Collaboration Within the Automotive Industry
Since 2004, Ford has worked with the AIAG to implement its capability-building program with global suppliers, with the intent of leveraging that work with other automakers (see diagram below). Ford has taken an “open book” approach to its supply chain work and has contributed an “executive on loan” – the global manager of our Supply Chain Sustainability group – to the AIAG to support the industry’s work and share what we have learned from working on these issues within our own operations. Materials developed within Ford to promote responsible working conditions have been offered to the group as a platform for use and development.
In 2005, Ford, General Motors, Chrysler, Honda North America and Toyota North America began collaborative work through the AIAG to explore a cooperative industry approach to promoting decent working conditions in the supply chain. We continue to seek the participation of all global OEMs. Nissan and Daimler have since joined the AIAG and have begun participation in a number of established and emergent workgroups. Additionally, Renault has participated in the 2010 Turkey Global Working Conditions supplier training. We have engaged suppliers across a variety of different commodities. Their participation has been important to inform the activities pursued by the automakers at the AIAG, as has engagement with government (both U.S. and local governments in the countries in which training programs are provided) and nongovernmental agencies.
Initiative participants have created a set of guidance statements to establish a shared industry voice on key working conditions issues. The statements cover the core elements of individual companies’ codes and policies, joint codes created by other industries and key international standards. The guidance statements cover child labor, forced labor, freedom of association, harassment and discrimination, health and safety, wages and benefits, and working hours. These statements serve as a baseline agreed upon by all the participating OEMs and are used as a platform for training. In 2010, we reached agreement with the other automakers to also expand the training curriculum to cover business ethics and environmental responsibility.
It should be noted that Ford’s specific expectations in the Ford CBWC for child labor exceed the expectations in the industry guidance statements and also include elements not yet addressed by the industry guidance statements, such as community engagement and indigenous populations.
Tier 1 Engagement for Supply Chain Sustainability
Two new countries saw the launch of the AIAG jointly sponsored supplier training in 2010 – Turkey and Brazil. Both launches were executed successfully with the attendance of 463 total suppliers. The training in Turkey involved – for the first time – participation by a couple of European-based OEMs. Consistent with the format of Ford’s original design, the attendees were required to subsequently complete a cascade of the training and expectations to the entire factory population and suppliers. Through this process, the trainings impacted more than 83,300 workers and 29,600 Tier 2 suppliers.

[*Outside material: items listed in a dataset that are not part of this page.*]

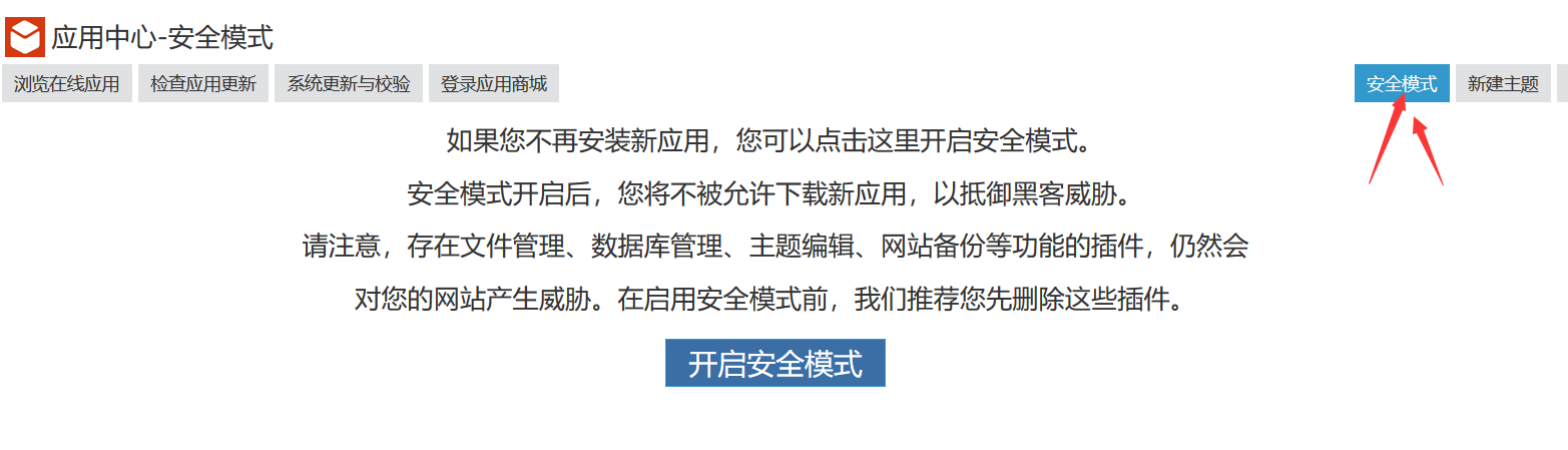 ②后臺(tái)->應(yīng)用中心->安全模式,如下圖: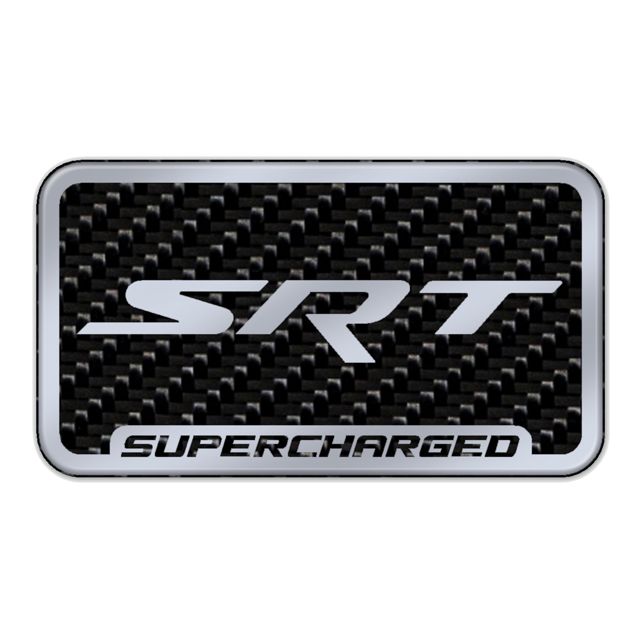 Carbon Fiber SRT Supercharger badge features genuine carbon fiber and silver accents.
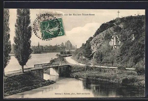 AK Solesmes, vue des Rochers Sainte-Anne et pont sur la rivière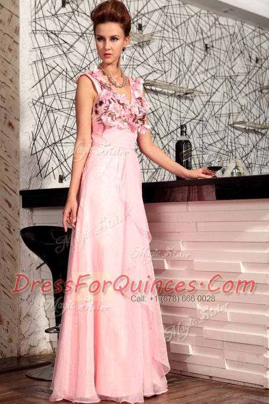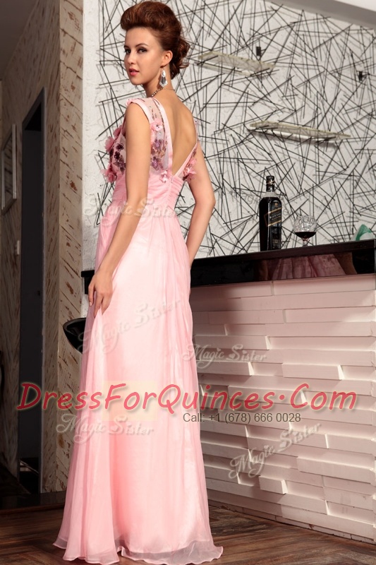 Vintage Appliques Prom Evening Gown Baby Pink Zipper Sleeveless Floor Length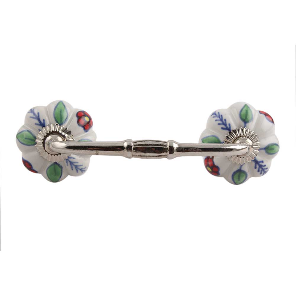 Red Dahlia Ceramic Bridge Handle. Ideal for Drawer, Dresser, Cabinet, Wardrobe, Cupboard and Almirah.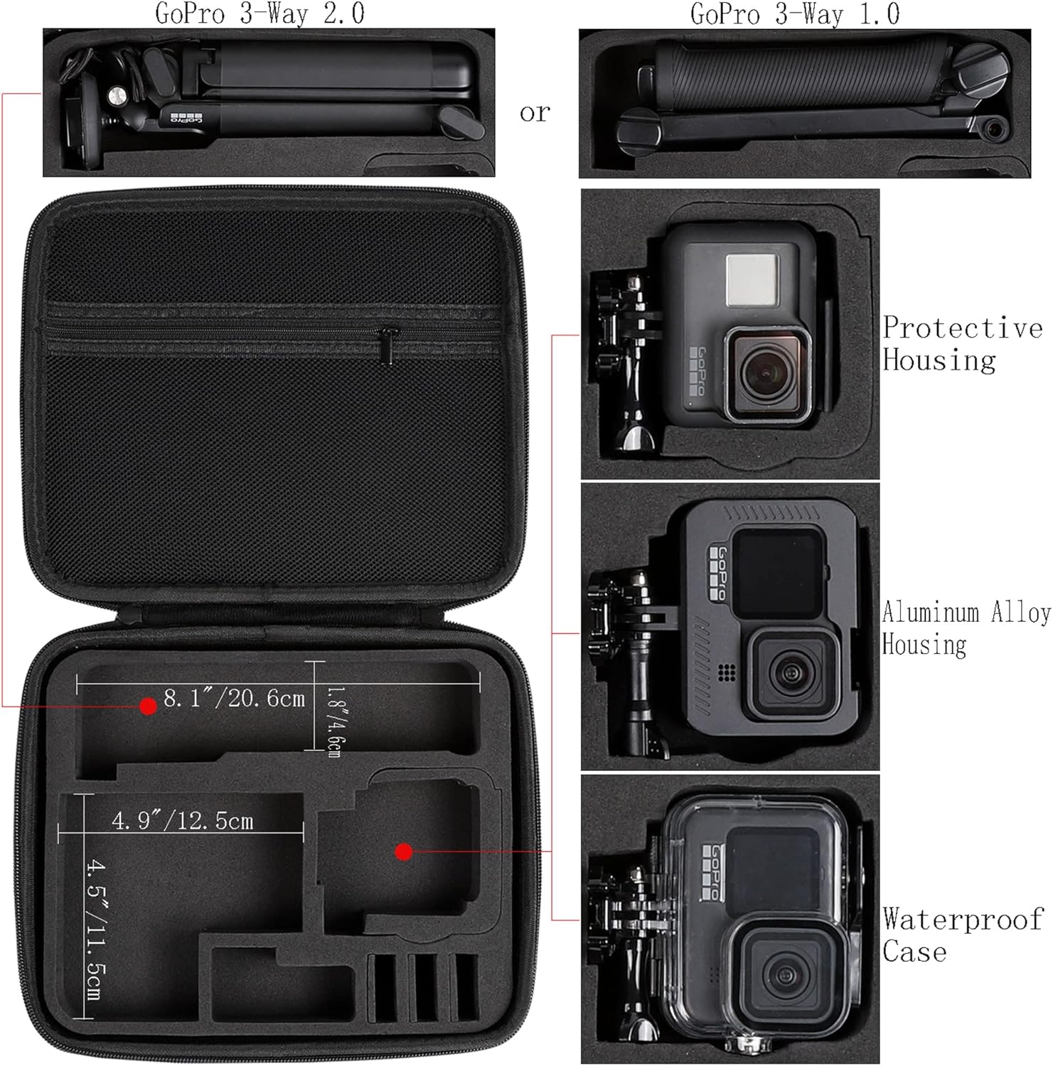 - Perfectly Compatible With GoPro Cameras And Accessories: The PellKing case is perfect for storing GoPro cameras and accessories such as the GoPro 3-Way Grip/GoPro 3-Way 2.0 Selfie Stick, 3*Battery, Battery Charger, Waterproof Case, Protective Body, Chest Strap, Head Strap, Backpack Clip,and Other Mount Acessories.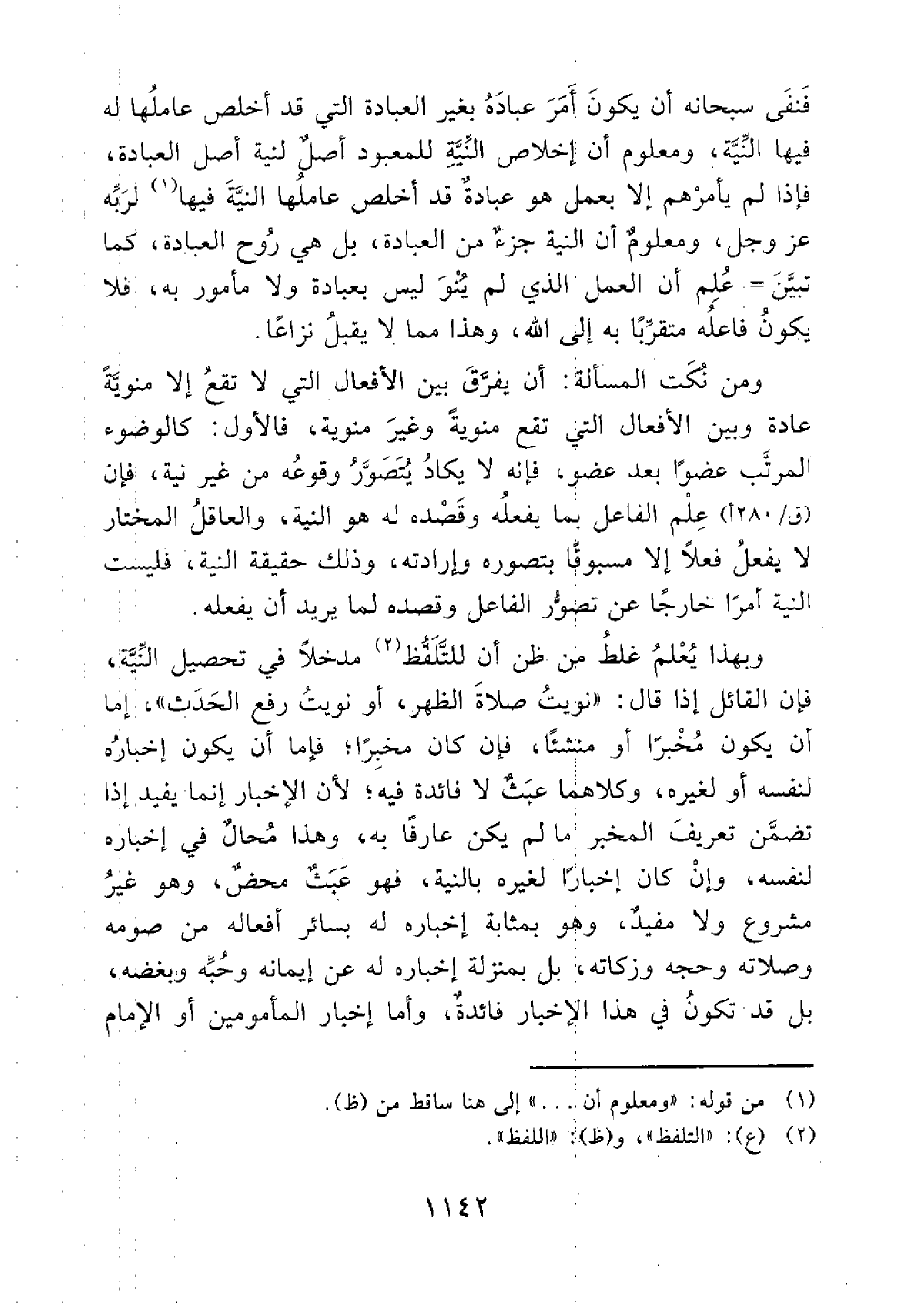 ومن نكت المسألة أن يفرق بين الأفعال التي لا تقع إلا منوية عادة وبين الأفعال التي تقع منوية وغير منوية فالأولى كالوضوء المرتب عضوا بعد عضو فإنه لا يكاد يتصوروقوعه من غير نية فإن علم الفاعل بما يفعله وقصده له هو النية والعاقل المختار لا يفعل فعلا إلا مسبوقا بتصوره وإرادته وذلك حقيقة النية فليست النية أمرا خارجا عن تصور الفاعل وقصده لما يريد أن يفعله وبهذا يعلم غلط من ظن أن الملتفظ مدخلا في تحصيل النية فإن القائل إذا قال نويت صلاة الظهر أو نويت رفع الحدث إما أن يكون مخبرا أو منشأفإن كان مخبرا فإما أن يكون إخباره لنفسه أو لغيره وكلاهما عبث لا فائدة فيه لأن الاخبار إنما يفيد أذا تضمن تعريف المخبر ما لم يكن عارفا به وهذا محال في إخباره لنفسه وإن كان إخبارا لغيره بالنية فهو عبث محض وهو غير مشروع ولا مفيد وهو بمثابة إخباره له بسائر افعاله من صومة وصلاته وحجة وزكاته بل بمنزلة إخباره له ايمانه عن وحبة وبغضه بل قد يكون في هذا الإخبار فائدة وأما إخبار المأمومين أو الإمام@

The automakers collaborating at the AIAG have developed an online training program on supply chain working conditions and responsible procurement targeted at purchasing or supply chain management. The web-based training was launched in early 2010 by the five participating OEMs free of charge to their respective suppliers. The training was also deployed internally at a number of the sponsoring OEMs for their own global purchasing and supply chain staffs. Evaluation of the course and its impact is underway.
Next Steps in Industry Cooperation
The work of the companies at the AIAG continues on several fronts:
- Exploring an industry response to raw materials sourcing and transparency challenges
- Continuing to expand the factory-level supplier training program
- Increasing supplier ownership of working conditions issues through an expansion of engagement opportunities (i.e., the launch of e-learning programs in 2010 and continued direct engagement in AIAG work groups)
- Development of additional resources and networks that will ensure the successful communication of working conditions expectations throughout the automotive supply chain
For all workstreams, the AIAG and the companies are actively reaching out to others in the automotive supply chain, including global automakers and heavy truck manufacturers, industry associations and major automotive suppliers, as well as cross-sectoral initiatives. Broader participation will be needed to achieve the vision of an industry-wide approach to promoting supply chain sustainability.